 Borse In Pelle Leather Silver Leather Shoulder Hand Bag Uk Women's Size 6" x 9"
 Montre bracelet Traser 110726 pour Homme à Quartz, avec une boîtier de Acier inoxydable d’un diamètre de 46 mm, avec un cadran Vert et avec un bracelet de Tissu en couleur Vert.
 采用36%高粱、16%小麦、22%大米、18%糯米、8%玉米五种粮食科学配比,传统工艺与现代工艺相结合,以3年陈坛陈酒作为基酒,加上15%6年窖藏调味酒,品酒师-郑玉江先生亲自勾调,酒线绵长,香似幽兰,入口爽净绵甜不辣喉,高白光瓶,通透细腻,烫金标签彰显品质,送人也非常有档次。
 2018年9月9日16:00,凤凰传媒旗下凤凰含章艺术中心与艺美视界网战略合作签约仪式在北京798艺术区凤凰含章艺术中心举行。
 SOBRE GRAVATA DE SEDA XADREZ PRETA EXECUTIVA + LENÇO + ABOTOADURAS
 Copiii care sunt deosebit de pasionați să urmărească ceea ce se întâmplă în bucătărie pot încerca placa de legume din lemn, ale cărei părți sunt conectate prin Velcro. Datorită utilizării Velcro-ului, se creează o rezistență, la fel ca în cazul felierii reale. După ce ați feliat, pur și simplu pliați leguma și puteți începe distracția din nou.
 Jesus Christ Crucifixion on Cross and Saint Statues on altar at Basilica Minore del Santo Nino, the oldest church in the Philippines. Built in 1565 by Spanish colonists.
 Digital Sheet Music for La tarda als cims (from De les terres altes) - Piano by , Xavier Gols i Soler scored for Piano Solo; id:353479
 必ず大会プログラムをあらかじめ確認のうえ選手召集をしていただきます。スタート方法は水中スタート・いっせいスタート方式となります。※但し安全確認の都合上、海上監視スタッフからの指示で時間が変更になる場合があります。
--
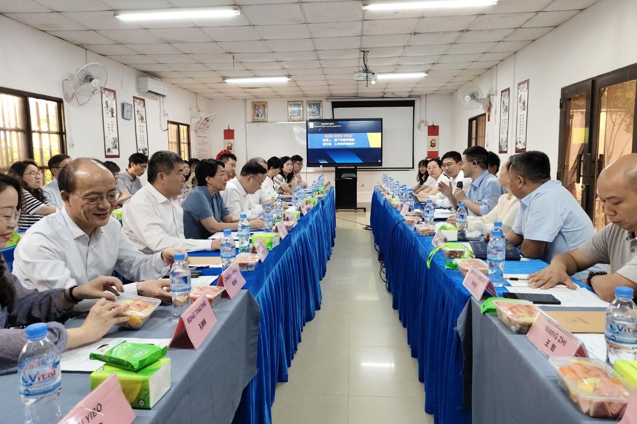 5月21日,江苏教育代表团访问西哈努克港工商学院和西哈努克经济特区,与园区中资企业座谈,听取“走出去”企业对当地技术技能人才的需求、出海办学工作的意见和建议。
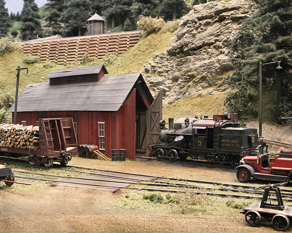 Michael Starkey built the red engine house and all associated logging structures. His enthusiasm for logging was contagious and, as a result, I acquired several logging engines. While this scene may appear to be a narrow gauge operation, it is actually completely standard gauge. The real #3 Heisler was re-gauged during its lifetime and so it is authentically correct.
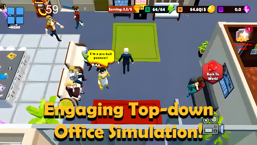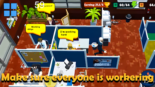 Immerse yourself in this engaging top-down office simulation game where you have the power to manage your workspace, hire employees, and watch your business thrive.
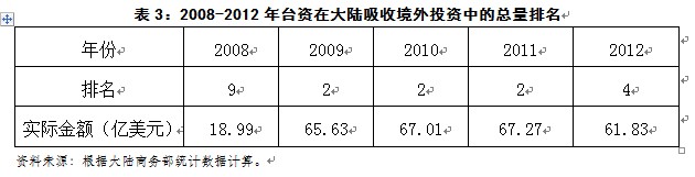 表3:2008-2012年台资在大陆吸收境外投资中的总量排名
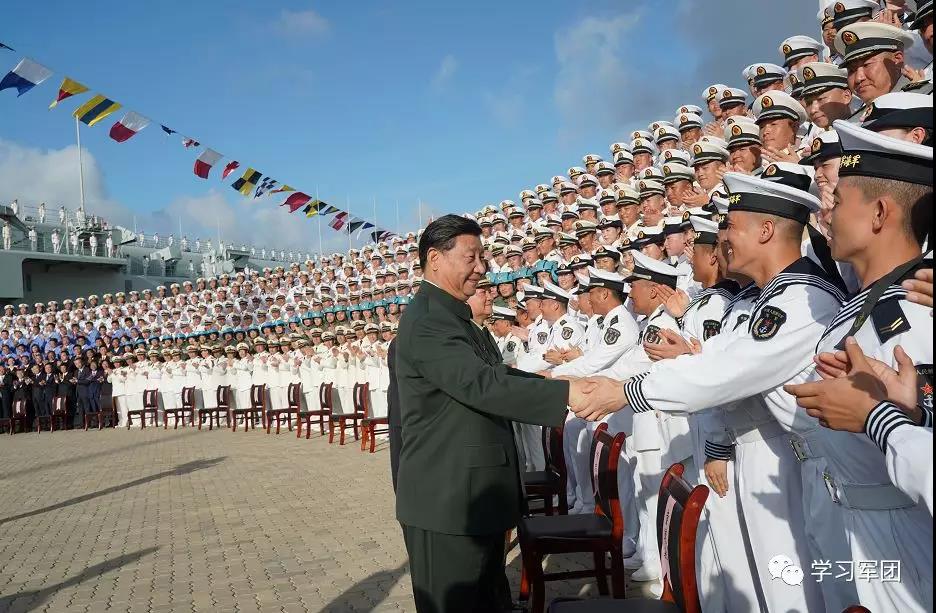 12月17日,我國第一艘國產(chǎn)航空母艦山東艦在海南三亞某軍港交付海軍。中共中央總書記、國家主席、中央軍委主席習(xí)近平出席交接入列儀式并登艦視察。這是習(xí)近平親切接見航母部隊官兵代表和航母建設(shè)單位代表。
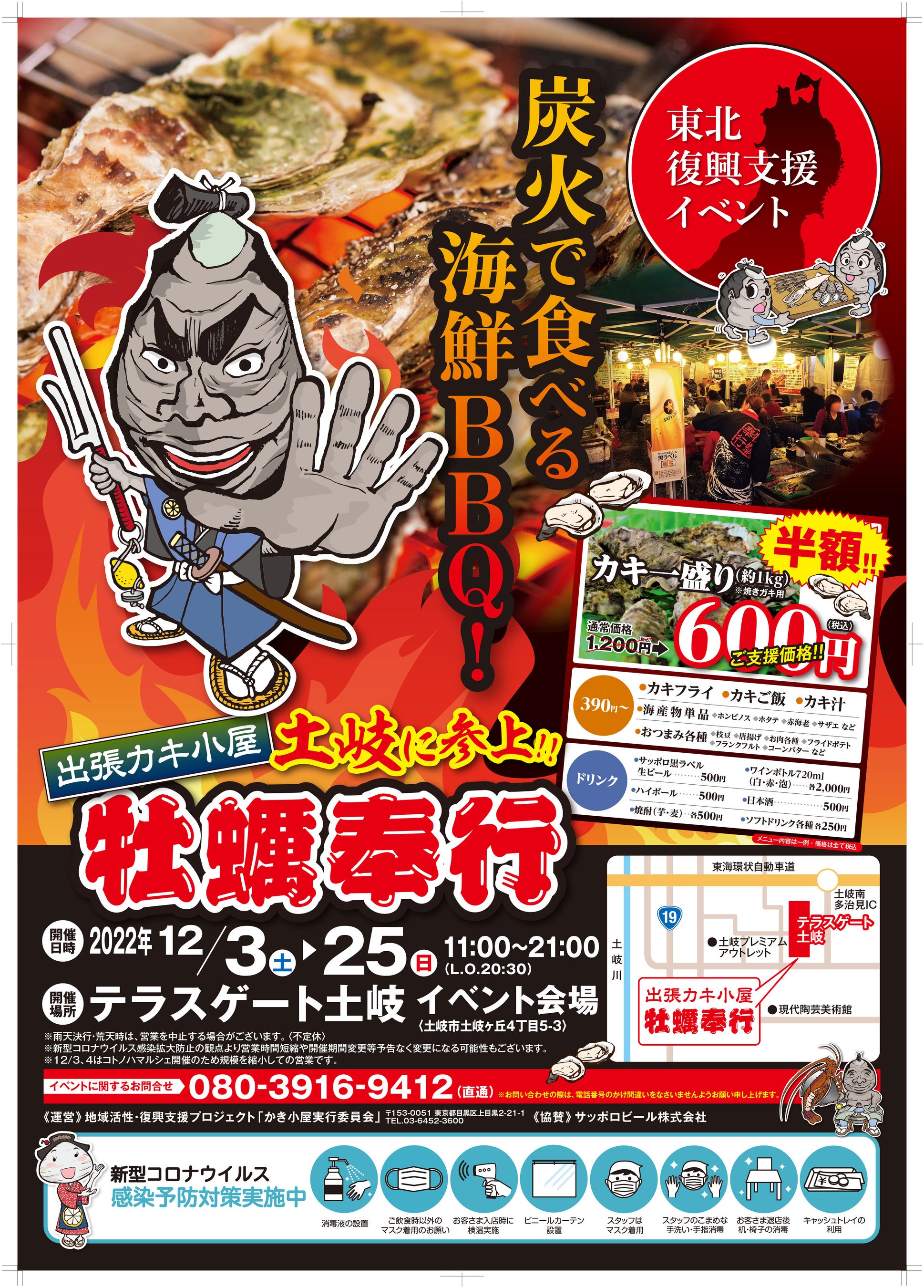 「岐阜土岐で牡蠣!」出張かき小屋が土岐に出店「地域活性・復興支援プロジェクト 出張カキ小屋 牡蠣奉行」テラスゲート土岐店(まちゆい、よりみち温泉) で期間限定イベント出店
...
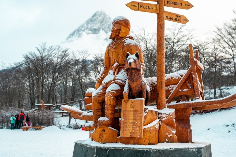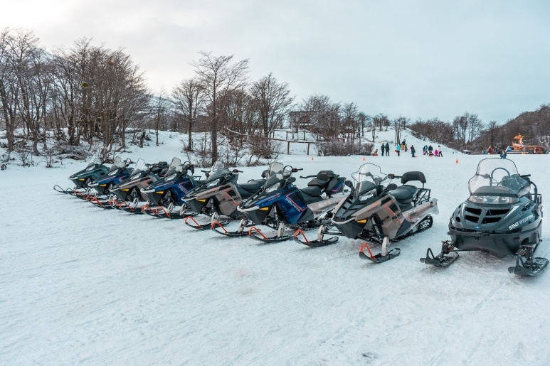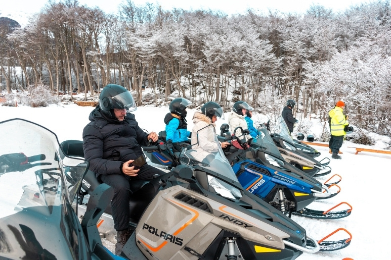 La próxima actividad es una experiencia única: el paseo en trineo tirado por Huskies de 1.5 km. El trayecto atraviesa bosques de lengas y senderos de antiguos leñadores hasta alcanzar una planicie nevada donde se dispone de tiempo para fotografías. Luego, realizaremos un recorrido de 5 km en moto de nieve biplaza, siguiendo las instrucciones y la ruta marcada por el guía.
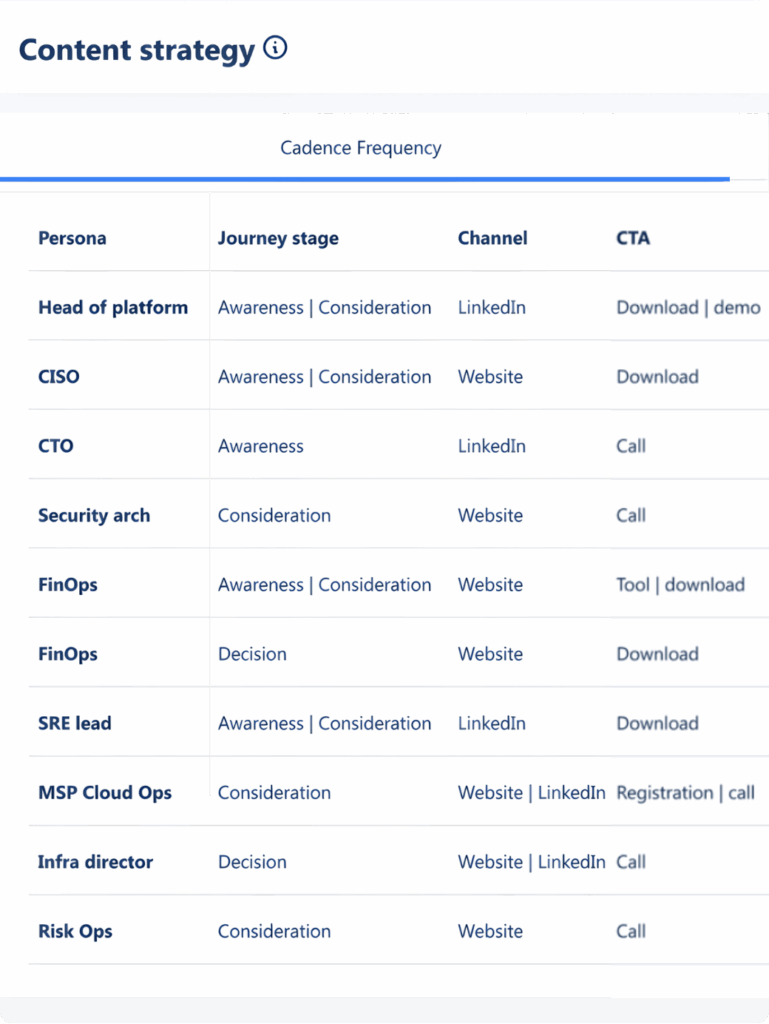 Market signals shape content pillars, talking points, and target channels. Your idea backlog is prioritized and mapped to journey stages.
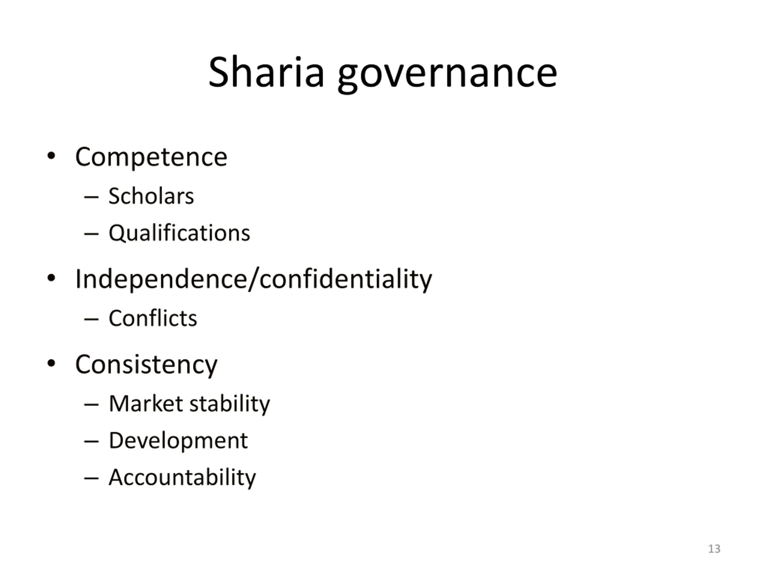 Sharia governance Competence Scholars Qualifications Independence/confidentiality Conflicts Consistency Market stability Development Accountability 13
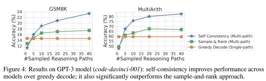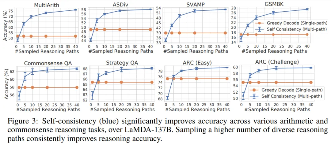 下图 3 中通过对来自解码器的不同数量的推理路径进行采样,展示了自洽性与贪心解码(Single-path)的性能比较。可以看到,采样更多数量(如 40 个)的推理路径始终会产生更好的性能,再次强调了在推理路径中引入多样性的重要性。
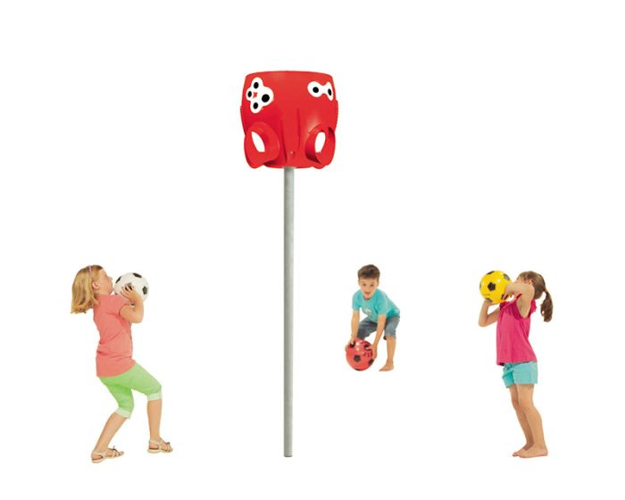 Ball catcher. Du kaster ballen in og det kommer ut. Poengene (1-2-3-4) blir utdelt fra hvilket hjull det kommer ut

**DESCRIPTION OF THE TASK**
When you reach the line containing "2018年9月9日16:00" in the data above, start copying exactly, and stop after the line containing "必ず大会プログラムをあらかじ".

**TASK OUTPUT**
 2018年9月9日16:00,凤凰传媒旗下凤凰含章艺术中心与艺美视界网战略合作签约仪式在北京798艺术区凤凰含章艺术中心举行。
 SOBRE GRAVATA DE SEDA XADREZ PRETA EXECUTIVA + LENÇO + ABOTOADURAS
 Copiii care sunt deosebit de pasionați să urmărească ceea ce se întâmplă în bucătărie pot încerca placa de legume din lemn, ale cărei părți sunt conectate prin Velcro. Datorită utilizării Velcro-ului, se creează o rezistență, la fel ca în cazul felierii reale. După ce ați feliat, pur și simplu pliați leguma și puteți începe distracția din nou.
 Jesus Christ Crucifixion on Cross and Saint Statues on altar at Basilica Minore del Santo Nino, the oldest church in the Philippines. Built in 1565 by Spanish colonists.
 Digital Sheet Music for La tarda als cims (from De les terres altes) - Piano by , Xavier Gols i Soler scored for Piano Solo; id:353479
 必ず大会プログラムをあらかじめ確認のうえ選手召集をしていただきます。スタート方法は水中スタート・いっせいスタート方式となります。※但し安全確認の都合上、海上監視スタッフからの指示で時間が変更になる場合があります。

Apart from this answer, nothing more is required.